あと、関係ないですが、年寄り連中に戦争の影を感じられないのが、だから悪いってことは無いですが、気にはなりました。

乱文失礼しました。

tyorotyoro 2009/08/23 22:07 すみません。「スポイル」という言葉の意味を誤解して使用していたかもしれません。
正しくは、「ご都合で描かれていない、切り捨てられている。」という意味のことが言いたかったのです。
失礼しました。

えんどうえんどう 2009/08/25 16:53 www.tbsradio.jp/utamaru/2009/07/post_493.html
www.tbsradio.jp/utamaru/2009/07/post_494.html
細田守監督が上記ラジオ番組で、家族の外に敵を作りたくなかったと発言しているので家族の外を描かないのは意図的なんでしょう。その理由も語っています。

KOSKOS 2009/09/06 23:55 初めまして。
以前「ダークナイト」の記事を読んで以来、愛読させて頂いております。
今回、自分のサイトで本エントリに関して言及させて頂きました。
トラックバックが送れないので、失礼ながらコメントで代えさせて頂きます。

http://www.green.dti.ne.jp/microkosmos/diary/diary.html

hideblohideblo 2009/09/16 13:47 一部を除いて、楽しめました。
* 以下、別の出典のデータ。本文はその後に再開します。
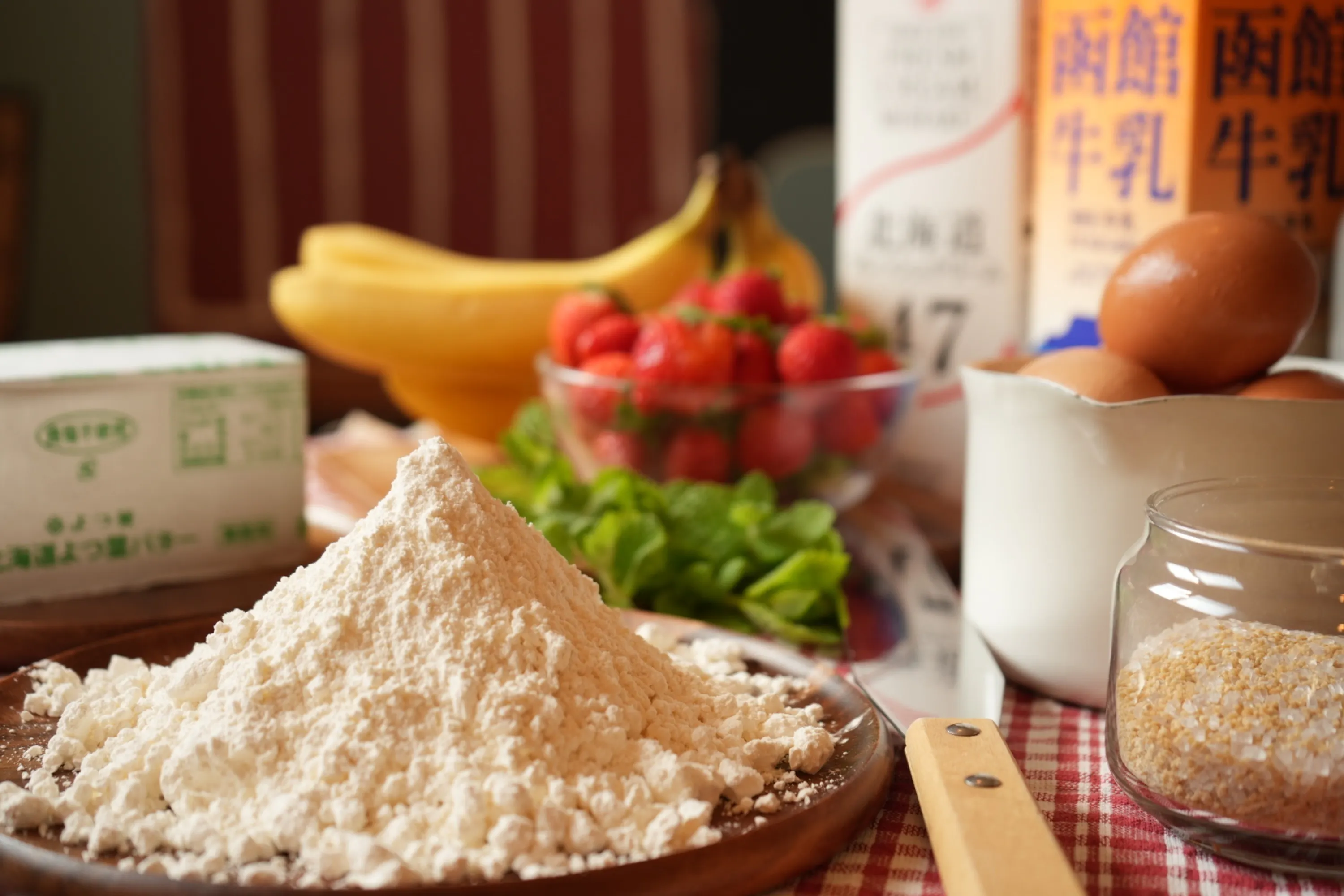 数種類の道産小麦から牛乳やバターと砂糖などの分量の配合を

結構好きな映画でした。SFが好きというのを差し引いても。

大家族を出すために、ただでさえ登場人物が多いのに、さらに55人出したら、希薄な描写か、映画の時間におさまらないと思います。
「そこは技術力でカバー」という手段でも無理な人数だと思います。そんなことするなら、指摘の通り、家族の描写を増やしたほうがいいと思います。
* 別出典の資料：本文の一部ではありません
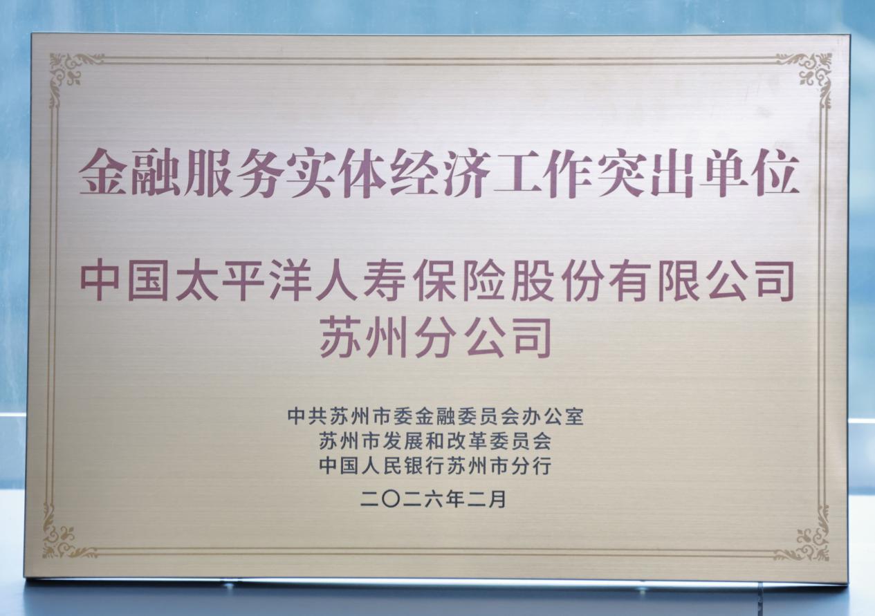 2月2日,在苏州市金融业高质量发展工作推进会上,中国太保寿险苏州分公司凭借在服务苏州实体经济、助力政府完善民生保障以及创新康养产服等领域出色表现,荣获2025年金融服务实体经济工作突出单位,成为全市3家获得此殊荣的寿险公司之一。

それに、ケンジは暗号解読に失敗していて、そこでケンジはラブマシーン事件の関係者でなくなります。そこで・・・というのは、tyoroさんが書いてる通りだったので省略。
だから、GiGirが提案する「暗号を解読したのは世界で健二1人で・・・」というのは中核レベルのシナリオを変えてしまい、もう全部変えろよ」という意味だとしたら、おそらくそのシナリオは薄っぺらいものにしかならんように思います。

主人公が主人公してない、というのはとても同意です。
いつケンジが活躍するんだ、、、と思ったまま映画終わったので。